▸ Activity
From the line that contains "உலக பெருந்தொற்று தயாராதல்" down to the last line of the data below, restate every line word for word, skipping any images.
== Given records ==
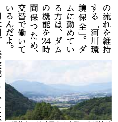
▲堤体からは笠置山や恵那の市街地が見えるんだナ!

阿木川ダムが完成してからは、下流で川の水があふれたことはなく、みんな安心して暮らせるようになったんだ。でも最近では、経験したことのない強い雨が降るようになったから、油断はできないんだナ。阿木川湖の周りは緑豊かな公園や周遊道路があつて、散歩やハイキングに最適なんだ。食堂ではおいしい「阿木川ダム湖カレー」も食べられるよ。みんなも阿木川ダムに遊びに行つてほしいんだナ。
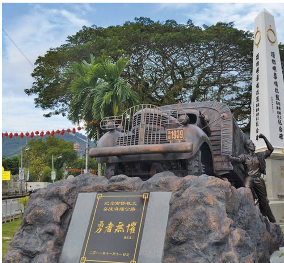
The sculpture and obelisk at the War Memorial in Air Itam.
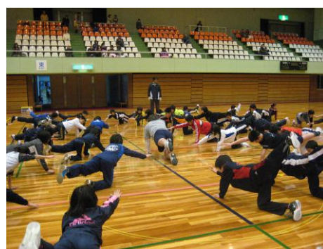
チャレンジカードの課題 2点指示バランス
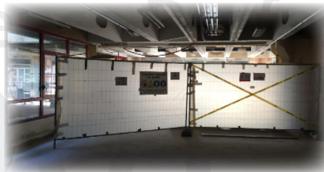
Confinement d'une zone à désamianter.

Une partie de la première tranche des travaux sera livrée d'ici fin octobre ; elle concerne la réception des menuiseries extérieures, des sanitaires, des chauffages et la réfection de l'amphithéâtre du bâtiment B.
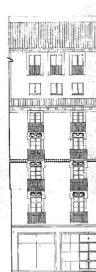
ALZADO "A" (PZA. ESPAÑA)

INTERVENCIÓNES PERMITIDAS Y ELEMENTOS A CONSERVAR.
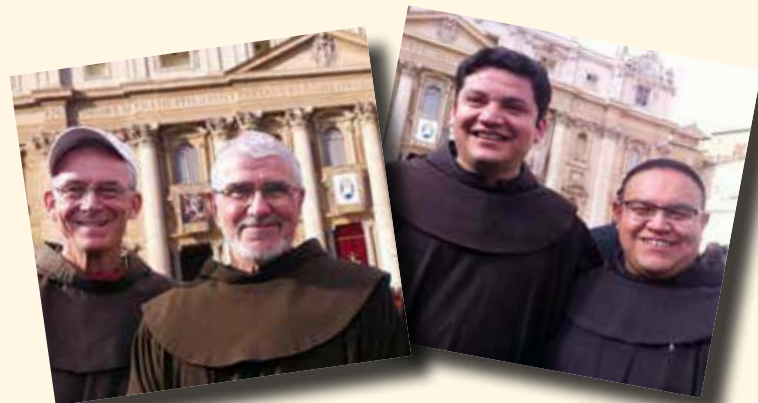
Bracia Mniejsi uczestniczący we Mszy św. na zakończenie Nadzwyczajnego Jubileuszu Miłosierdzia (20.XI.2016).
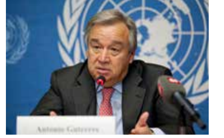
கட்டுப்படுத்தும் முயற்சிக்கு உலக நாடுகள் அதிக நிதியை ஒதுக்க வேண்டும் எனவும் ஐ.நா. பொதுச் செயலாளர் அன்ரனியோ குட்டரோஸ் கோரிக்கை விடுத்தார்.

உலக பெருந்தொற்று தயாராதல் தினத்தில் பெருந்தொற்றுக்கள் குறித்து உரிய கவனம் செலுத்த வேண்டும். அத்துடன், இவற்றைக்
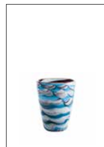
Mares Tumbler Napoleon Fish
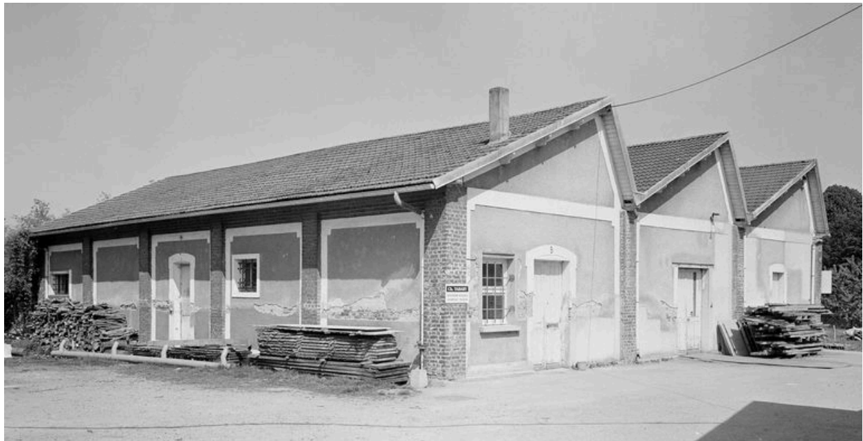
Atelier de fabrication.
===
▸ Response area
உலக பெருந்தொற்று தயாராதல் தினத்தில் பெருந்தொற்றுக்கள் குறித்து உரிய கவனம் செலுத்த வேண்டும். அத்துடன், இவற்றைக்
Mares Tumbler Napoleon Fish
Atelier de fabrication.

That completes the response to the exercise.